Practicing Mindful Breaths is an easy way to bring your attention back to the present moment. By simply paying attention to your breathing, you can relax and enjoy your life more fully.
Mindful Breaths: Directions
From the time we wake up to the time we go to bed, our minds often race into the future and/or the past. While it is sometimes necessary to look forward into the future to make plans or to look back into the past to avoid repeating a mistake, we need to stay primarily focused on the present moment in order to achieve a state of peace in our everyday lives.
When you find that your thoughts are not on the current moment, simply pay attention to your breathing. There is no need to change the way you are breathing for this exercise. Simply keep your attention on your inhalation and exhalation for 5 full breaths. This simple act will help you to refocus and re-energize in the current moment, which is the only true moment that exists.

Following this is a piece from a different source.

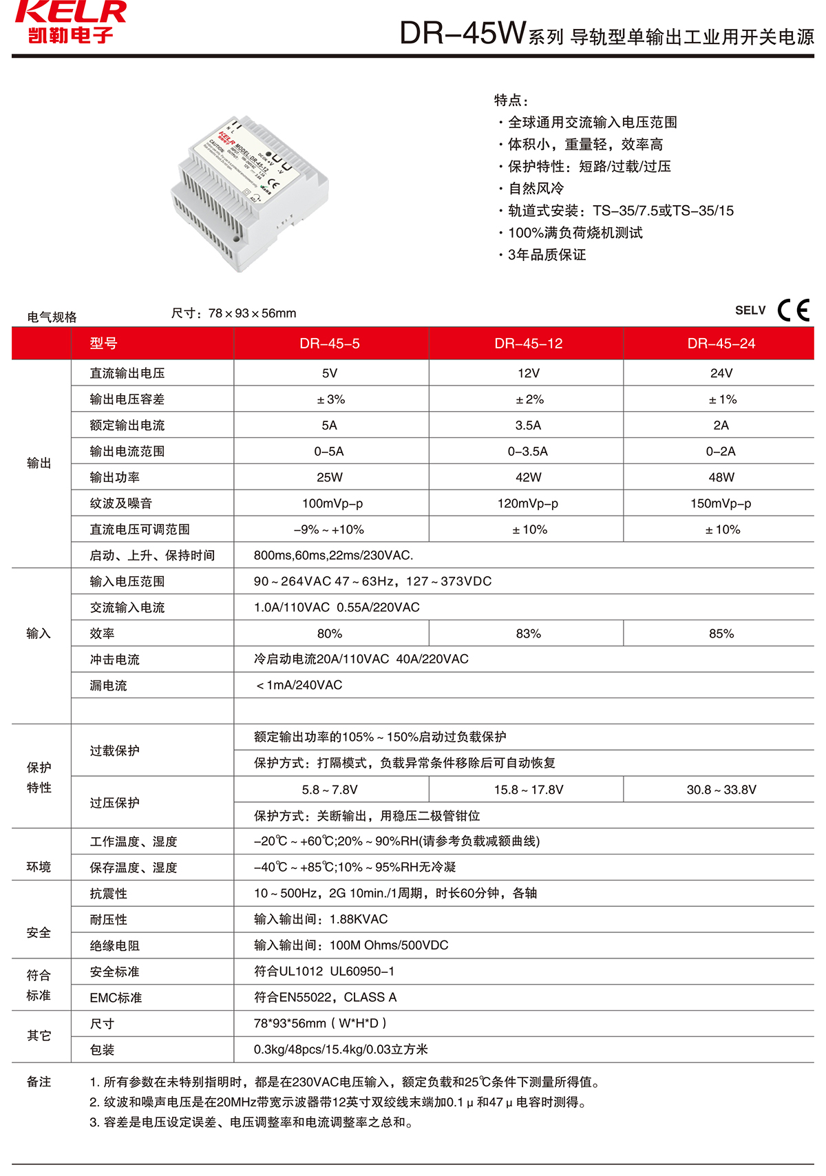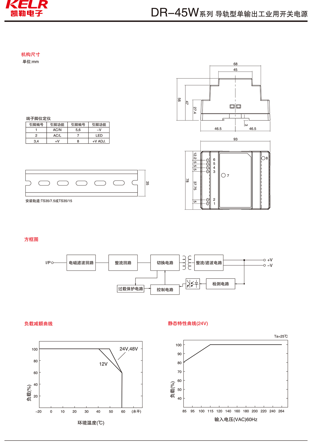 DR-45W 系列 導(dǎo)軌型單輸出工業(yè)用開(kāi)關(guān)電源

Because we often do not even realize that we are daydreaming of past or future moments, you may need to use situational reference points as a reminder to practice. To get started, choose two of the ten examples from below that best fit your lifestyle and write them down. Each time you find yourself in one of the situations you have chosen, focus on your breathing for 5 full cycles.

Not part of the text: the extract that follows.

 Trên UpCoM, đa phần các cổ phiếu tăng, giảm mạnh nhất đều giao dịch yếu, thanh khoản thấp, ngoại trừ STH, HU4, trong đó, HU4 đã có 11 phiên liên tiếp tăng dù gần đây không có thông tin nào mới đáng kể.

- While stopped at a traffic light
- Upon arriving to work
- Before an important business call
- While stuck in traffic
- Before going to sleep
- After a difficult conversation
- Before reprimanding a child
- While waiting in line
- Before sitting down to a meal
- *Upon realizing that your mind has wandered
*Always use this technique when you become aware that your mind has wandered away from the present moment and into the past or future.
Good luck and remember:
There is ALWAYS time to Bee Spiritual!